I have the 25C (I think). Long thin handle and open tooth head. It did not impress me, but with razors it's always YMMV I have noticed.

Are you in the US? If you are then PM me your information - if you want it you can have it. I got it on sale, and it's never been something I could sell on the forums, so it just sits in the box of unused shaving shame. I know you fly internationally, but I am not willing to try my hand at international shipping.

It will take a couple of weeks to get it shipped - I travel a lot, too, and have a ton stacked up right now.

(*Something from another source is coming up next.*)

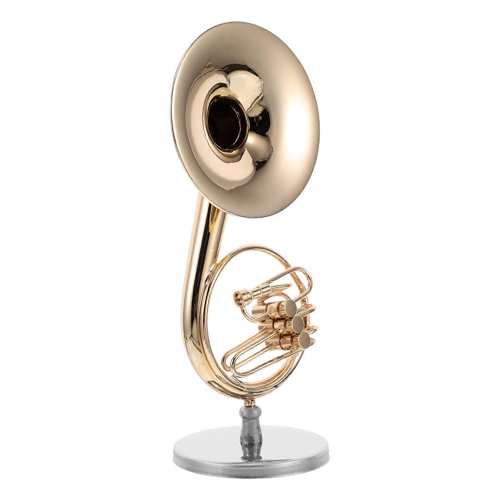 Miniature Brass French Horn Instrument Model for Decor 2Pcs

In the Merkur world I also own:

1) 1904 closed bar. Beautiful handle, only OK performance. I use this head and a thick Gillette Tech handle when I travel. I keep it broken apart in my Dopp kit - it goes through the machines OK.
2) Model 45 - the red Bakelite travel razor. Really pretty - but too harsh for my face (YMMV again). I keep trying different blades in it - hoping that one day I will hit on the right combination. Also - I can't bring myself to sell it. The Bakelite thing.

I used to own a slant, and one other - but I didn't care for them, either, and sold them right after I bought them, each with less than a dozen uses.

There's a trend here - Merkur and I don't really get along.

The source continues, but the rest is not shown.